The Poetry Archive was founded by recording producer Richard Carrington and poet Andrew Motion, during his appointment as UK Poet Laureate in 1999 and is now led by Director Tracey Guiry. Recordings of contemporary work began in 2000 and the first website went live in 2005. The Poetry Archive is a not-for-profit registered UK charity.

==Formation and development==
The archive was established as a web-based library to ensure that the oral record of modern poets is not lost, as it has been with writers such as Thomas Hardy, D. H. Lawrence and A. E. Housman whose voices were never recorded, despite the technology being available at the time. The resource is built on the idea that poets have a unique relationship with their own work and are often able to communicate the nuance, musicality and subtlety of it, with a deeper understanding than actors. Texts to the poems and other resources are available but the poet's voice is the main concern of the site. Motion has stated "To hear the speed at which a poet reads, to hear their accent, to hear how they inflect their voice, to hear how they create a space around their words - or don't - all add to our using of what the meaning of poem might be." Contemporary studio recordings for the project began in 2000, shortly after Motion was appointed a Poet Laureate, and the site went live in 2005. Most of the recordings are created especially for the Archive and these are augmented by some classic poems read by well-known readers. New recordings are regularly added and there is also a download store which allows people to purchase and download audio poetry directly from the website.
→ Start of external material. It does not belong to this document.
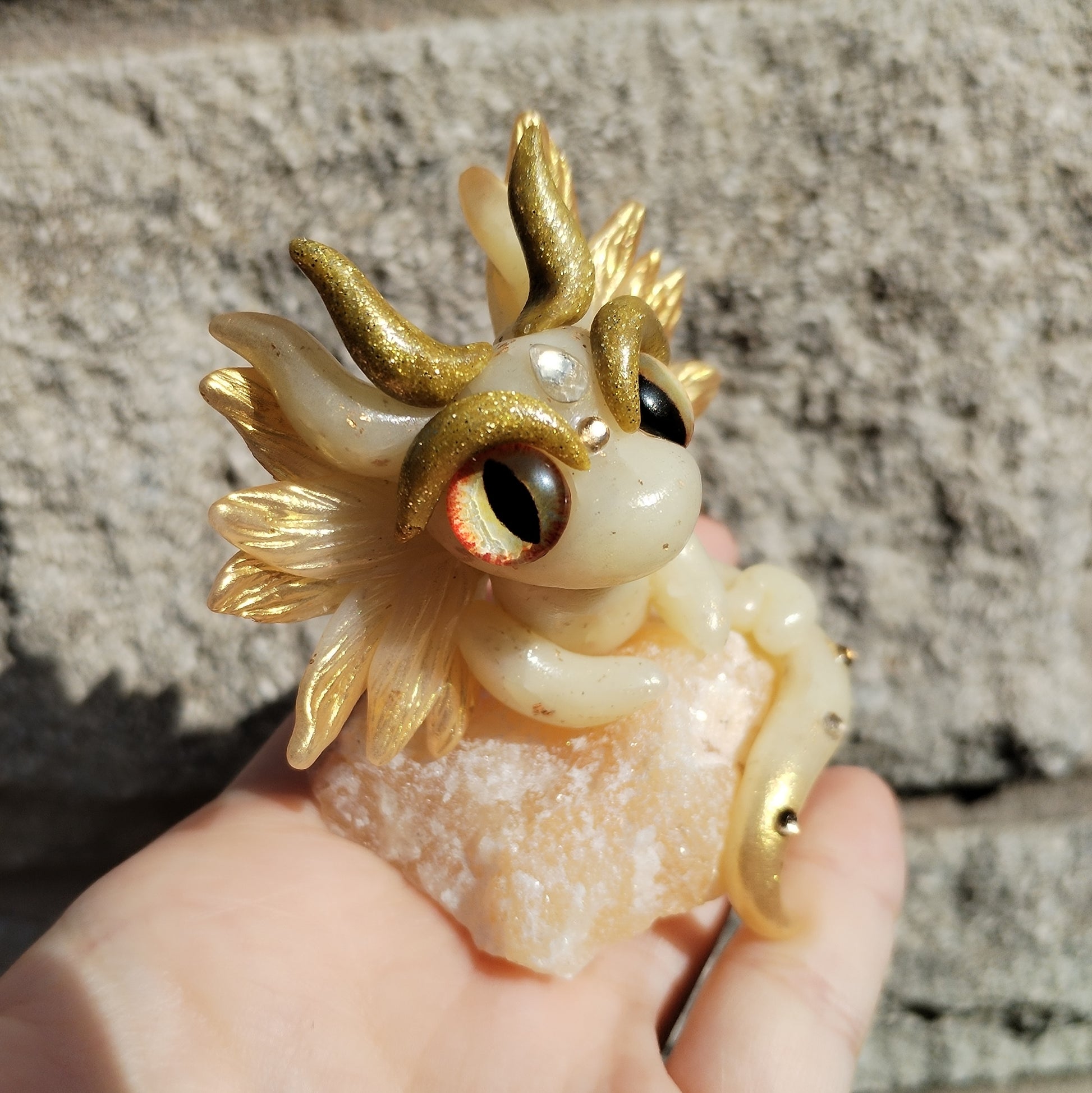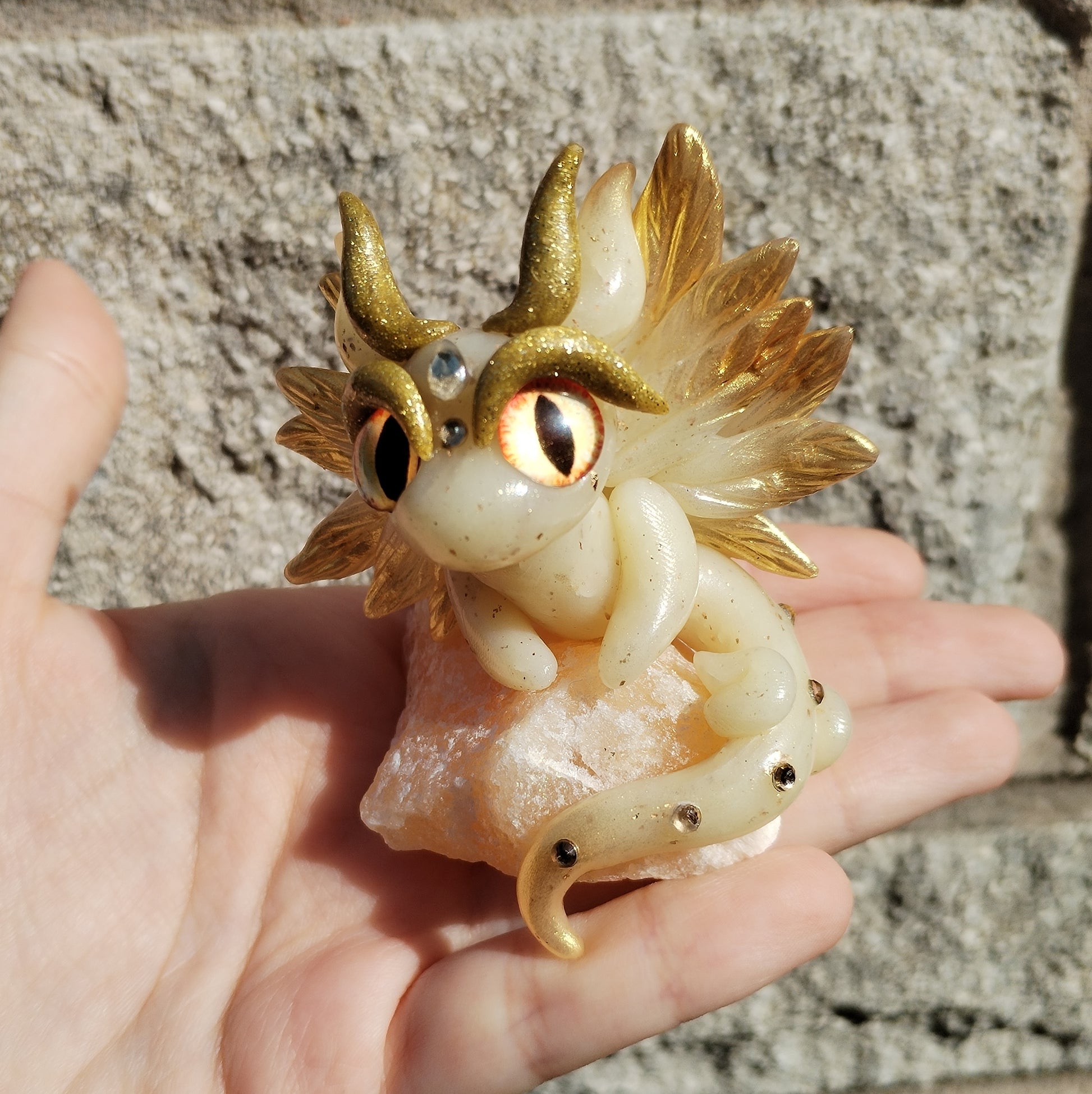 Adorable unique baby dragon carefully handmade from polymer clay holding on top of a Citrine piece.
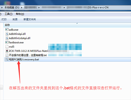 3:然後把上面下載下來的recovery工具包在電腦上進行解壓,解壓出來一個文件夾,然後在文件夾裡找到【電腦PC端刷入recovery.bat】文件直接雙擊打開運行,直接按回車鍵即可。

In the first year, the site had 500,000 visitors, building to over 1.5 million annual users in 2008, nearly 2 million in 2009 and over 3 million in its 20th year of recording. The project continues to be funded by the National Lottery, government grants and private donors.

The current president is Sir Daniel Day-Lewis. The previous president was the late poet Seamus Heaney

==Content==

In May 2019 the Children's Poetry Archive site launched a website designed for children to explore and enjoy As of July 2020, the readings of over 550 poets are available on the two sites, with content searchable by title, author, theme, and form. Historic recordings available on the archive include Alfred Tennyson (recorded by Thomas Edison 1890), Robert Browning (1889), Rudyard Kipling (1921) W. B. Yeats (1932) and Langston Hughes (1955). Contemporary writers include Seamus Heaney, Billy Collins, Carol Ann Duffy and John Ashbery.

The work of New Zealand Allen Curnow was recorded shortly before his death in 2001, one of the first to be archived. Cornish poet Charles Causley gave a reading aged 86, in the year before he died in 2003. Motion commented:

It's a fantastically powerful recording that was done a matter of days before his death. It doesn't show on the recording, but Richard, who made the recording, said that between each poem Charles broke down and wept, and had to gather himself. He knew that he was dying. He was saying goodbye to each of his poems. If you only listen to one of the poems on the website, listen to "Eden Rock". It's a great poem and he reads it so beautifully and introduces it so touchingly.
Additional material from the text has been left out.